But thanks for the posts. Now I know I'm not completely nuts.


----------



## dcowan699 (Nov 22, 2004)

*Re: (amybeth72)*

One thing I could try doing is put a couple of sheets of cardboard back behind my rear headrests to simulate a beige interior and see what the windshield looks like. If I can find the materials, I'll take a photo. I do believe Fred figured it out (he beat me at this guess by seconds







). 
If this were a gameshow, he would have gone to round 2.


----------



## Paldi (Sep 4, 2004)

*Re: (dcowan699)*

David, I'm hoping I'm wrong! It would be terrific to see different glass by region (hot sunny climates vrs. cold rainy ones) or special glass available grouped within option packages (Cold/Comfort or Technology).
Good luck with you search for Sonnen beige cardboard - and better use the same camera, same sun angle through the rain. (Road trip!)








We may never know!


_Modified by Paldi at 10:10 PM 6-23-2005_


----------



## Soki (Jul 26, 2004)

*Re: (amybeth72)*

hey, i never noticed it before i tinted my car. Then when the car was tinted i saw it in the daytime, i didn´t like that and then i started to look at every car i saw and realized that it´s very common.
Also i looked at some old pictures of my car and THEN saw that the rearwindow could reflect a blue colour in sometime.

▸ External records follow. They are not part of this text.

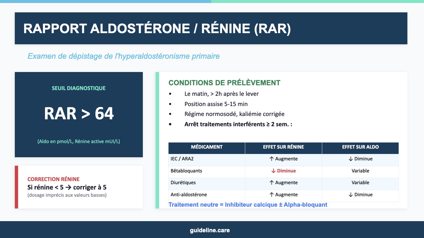 Réponse C : Vrai. Le rapport aldostérone/rénine plasmatique (RAR) est l'examen de dépistage recommandé de l'HAP. Un rapport > 64 (avec aldostérone en pmol/L et rénine active en mUI/L) est en faveur du diagnostic. Point crucial : lorsque la rénine est très basse (< 5 mUI/L), on corrige sa valeur à 5 pour le calcul du rapport, car les dosages ne sont pas fiables aux valeurs très basses. Idéalement, il faut deux dosages concordants pour confirmer le diagnostic.
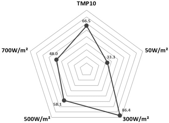 | Energy Consumption (kWh) | TMP 10 | 50 W/m2 | 300 W/m2 | 500 W/m2 | 700 W/m2 |
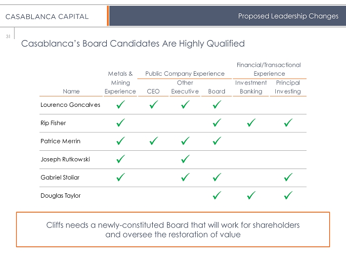 Proposed Leadership Changes 32 Conclusion • As a significant shareholder, Casablanca is troubled by the value destruction that has occurred under this Board's watch • Cliffs desperately needs a new strategy and leadership with a fresh perspective — the status quo is unacceptable in our view and shareholders have suffered enough • We believe substantial shareholder representation among a group of highly qualified, independent directors on Cliffs’ Board, and a new CEO, are critical components of any solution Casablanca believes its slate of director nominees is overwhelmingly qualified and offers a superior alternative to the incumbent directors who are expected to be up for reelection at the 2014 annual meeting
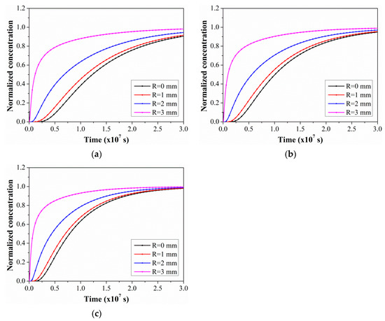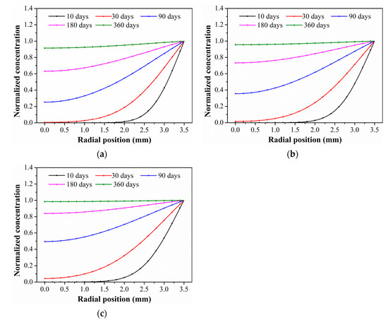 Based on Equation (5), the water absorption concentration distribution of the C/GFRP rod was obtained as a function of the radial position, immersion time, and temperature. Figure 6 shows the radial distribution curve of the absorption concentration of the C/GFRP rod immersed at 40 °C, 60 °C, and 80 °C. The absorption concentration of the C/GFRP rod increased greatly with the exposure temperature, especially in the early stage of exposure. The main reason was that the diffusion rate of water molecules along the radial direction of the C/GFRP rod increased up at a higher temperature. Additionally, the water absorption concentration increased with the increase in radial position. Furthermore, the saturated water absorption of the C/GFRP rod was higher than 360 days at 40 °C and 60 °C, and about 360 days at 80 °C. Therefore, for saturated water absorption at the same radial position, the exposure temperature was a key factor for the saturated water absorption time.

Often when looking at the car from the side+rear and not often when looking directly at the window.
Purple on MB CL -- 








Blue on a Maybach -- 








_(Image link formatting corrected by Michael so photo shows up in the thread)_


_Modified by PanEuropean at 12:39 AM 6-25-2005_


----------



## PhaetonChix (Dec 16, 2004)

White is not a good color on the Maybach IMHO.


----------



## amybeth72 (Jun 23, 2005)

So this weekend I've got a "loaner" W12. It's Black Klavierlack with the Sonnenbeige interior. It's a totally different look than my Reflex Silver V8 with the Anthracite interior. The thing I find odd on this one is the rear window. It seems to have a yellow tinge to it which I'm having a hard time getting used to. The W12 is quite nice, but I'm partial to my baby and can't wait for it to return home.


----------



## Paldi (Sep 4, 2004)

*Re: (amybeth72)*

Probably reflection from the "hat shelf" area. My Kristall Grey does it. Thinking about having a dark cover made for back there - like a dash cover - to keep the sun off and cut the down reflection. Anthracite and dark blue interiors are super.


----------



## PanEuropean (Nov 3, 2001)

*Re: (Paldi)*


_Quote, originally posted by *Paldi* »_Thinking about having a dark cover made for back there - like a dash cover - to keep the sun off and cut the down reflection.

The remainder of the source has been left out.